Friday, March 1, 2013

March 1, 1863



March 1, 1863

 
---Confederate War Department clerk John Beauchamp Jones writes in his diary about the increasing hardships in Richmond, vis a vis the cost of lodging and of food:

March 1st.—To-morrow we remove to new quarters. The lady’s husband, owning cottage, and who was confined for seven months among lunatics, has returned, and there is not room for two families. Besides, Mrs. G. thinks she can do better taking boarders, than by letting the house. What a mistake! Beef sold yesterday for $1.25 per pound; turkeys, $15. Corn-meal $6 per bushel, and all other articles at the same rates. No salaries can board families now; and soon the expense of boarding will exceed the incomes of unmarried men.
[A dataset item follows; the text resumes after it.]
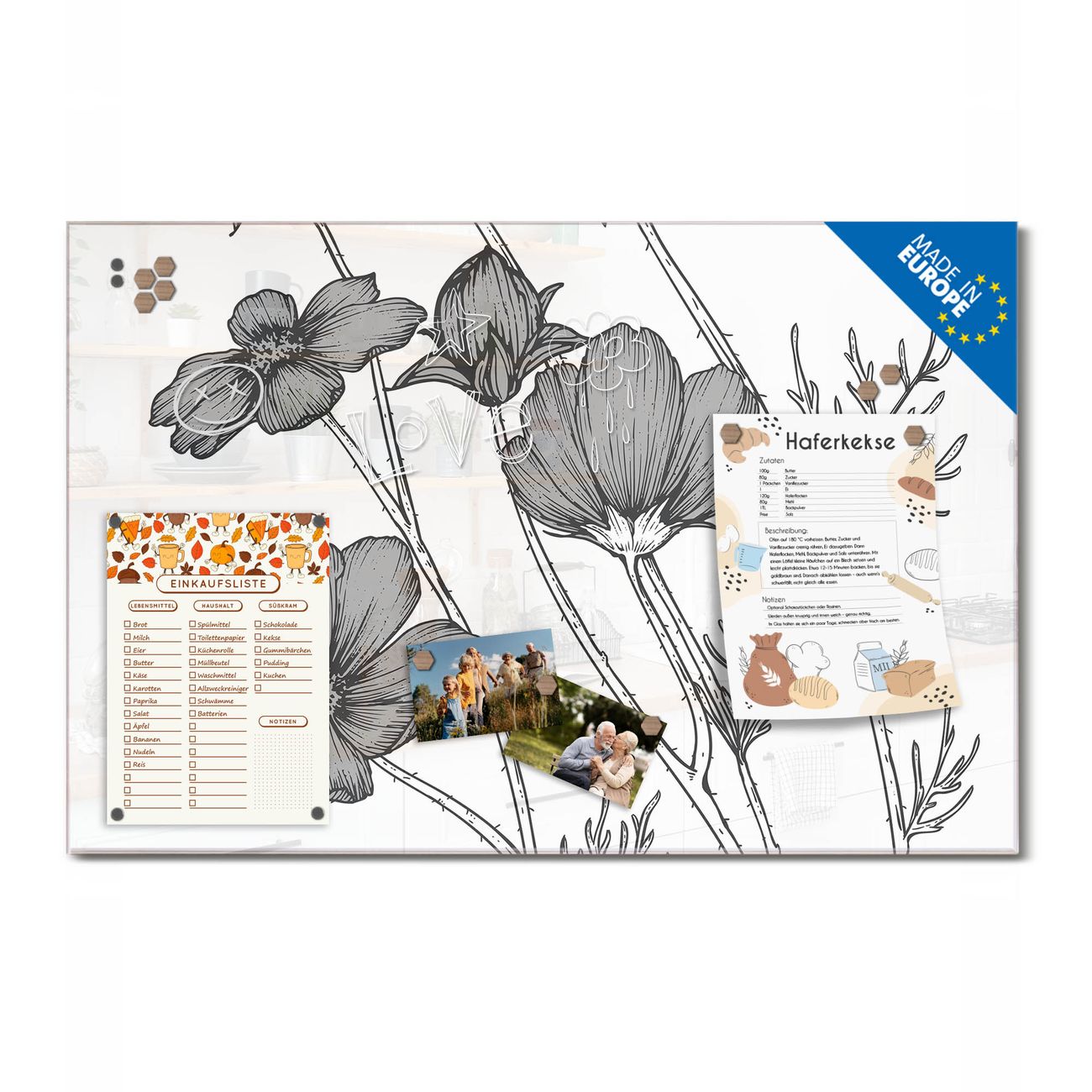 Material: 4mm Sicherheitsglas mit Metallrückwand Eigenschaften: beschreibbar, magnetisch, kratzfest Maße: 75x50x0,6cm, 5,63kg schwer Motiv Nummer 13204 Blumen in Schwarz-Weiß Zubehör: inklusive 4 Neodym-Magnete

Owners and tenants, unless engaged in lucrative business, must soon vacate their houses and leave the city.

But we have found a house occupied by three widows in Clay Street. They have no children. They mean to board soon among their relatives or friends, and then we get the house; in the mean time, they have fitted up two rooms for us. We should have gone yesterday, but the weather was too bad. The terms will not exceed the rent we are now paying, and the house is larger. I espied several fruit trees in the back yard, and a space beyond, large enough for a smart vegetable garden. How delighted I shall be to cultivate it myself! Always I have visions of peas, beans, radishes, potatoes, corn, and tomatoes of my own raising! God bless the widows sent for our relief in this dire necessity!

1 comment:

  1. Wow, at least some of the prices are still the same, must have been expensive for them back at in the day, and to think that lucrative business never ends, no matter the period.

    It is always good to be able to grow one's own fruit and vegetables. Makes life a bit more sustainable.